1) is the $60B profit from all operations (you seem to imply that when discussing PBMs)?

2) If so, is it possible to break the profit down by source (insurance, PBM, etc.)

3) Is it possible to further break that down by private vs. government insurance policies?

Would all this be available in their annual reports or would I have to access additional (SEC?) financial disclosures? If you happen to have this information already broken down in the analysis you did for this piece or could easily break it out, would you be willing to share it? If so, I can get you my contact information (or if you could post here). I'm a one-man-show working on this project on my own time with zero financial or human resources so any help would be tremendously appreciated.

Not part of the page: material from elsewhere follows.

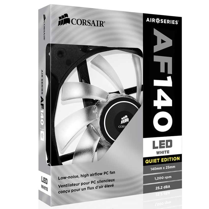 Descripción Corsair AF140. Tipo: Ventilador, Adecuado para: Carcasa del ordenador, Diámetro de ventilador: 14 cm. Color del producto: Negro, Color blanco, Iluminación: LED, Iluminación de color: Color blanco. Ancho: 14 cm, Profundidad: 2,5 cm, Altura: 14 cm

If these six companies are insuring ~150M people (wow!) & their combined profits are $60B (whether from insurance or all sources & I assume you're looking at net profits after taxes, etc.), then on average they're making a profit of $400/insured/year which I almost hate to say, but seems surprisingly low. If the $60B is from all sources then the profit/insurance policy is even less. $60B profit on $1.1T in sales is a net profit of <5% which would put it about in the middle of groceries (3%) and the oil companies (8%).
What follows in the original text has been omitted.